The thumbnail for this one was like "Can you guess the trick??" and I was like, looks like Feynman to me. You too 😂

@holyshit922 9 ай бұрын

My way was Rewrite integrand as (1-exp(-x))^2/x^2 then integration by parts with u = (1-exp(-x))^2 and dv = 1/x^2 dx Substitution u = exp(-x) Leibniz rule for differentiating under integral sign

@maths_505 9 ай бұрын

Excellent as always my friend

@holyshit922 9 ай бұрын

@@maths_505 Your way remids me calculating Laplace transform of (1-exp(-t))/t which is ln(1+1/s) and if we plug in s = 1 we will have the result

@holyshit922 9 ай бұрын

@@maths_505 speaking about Michael Penn's videos I like this video kzbin.info/www/bejne/nWTGlGSFnLqSgck because this idea helped me to expand generating function for Hermite polynomials also channel mathmajor looks promising

@giuseppemalaguti435 9 ай бұрын

Uso feyman con e^(-ax)...I(a=1)=I...derivò due volte,ma risulta I"=0,I'=0..I=0,..boh,non riesco a trovare l'errore...ok,con la trasformata di Laplace e la proprietà risulta 2ln2...ma con feyman risulta I=0...why?

@VibesStudy 9 ай бұрын

Hi, its been quite a while watching your channel, and i love it, the way you compete and present solution, like its so fun.

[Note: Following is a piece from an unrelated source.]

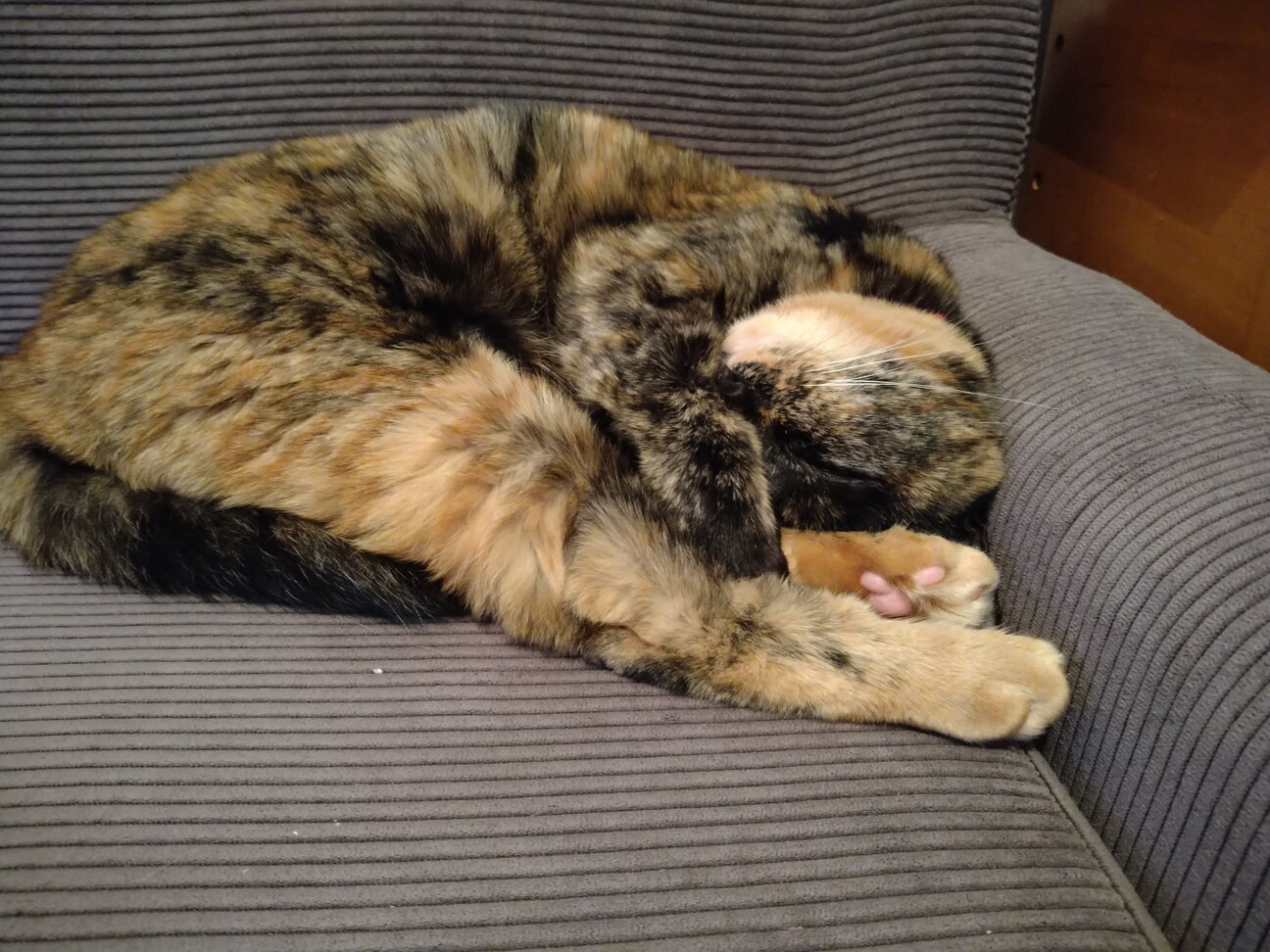 こんなに小さい猫でも、(助走無しで笑)1メートル以上の高い所に飛び上がったり、1メートル以上離れたベッドからチェストに飛び乗ったり、また、多少顔やお尻や背中を打ったりしても、何ら平気なところが、畏怖を感じる・・・

I'm a calc 1 student, and watching your vids, to improve my skills. I was struggling in a limit problem, I know the standard limit lim h->0 ((x^h-1)/h) = ln(x) But why is, lim h->0 (((x+h)^h-1)/h) = ln(x) Do we use partial limit, or is there any similar way to prove this, as before?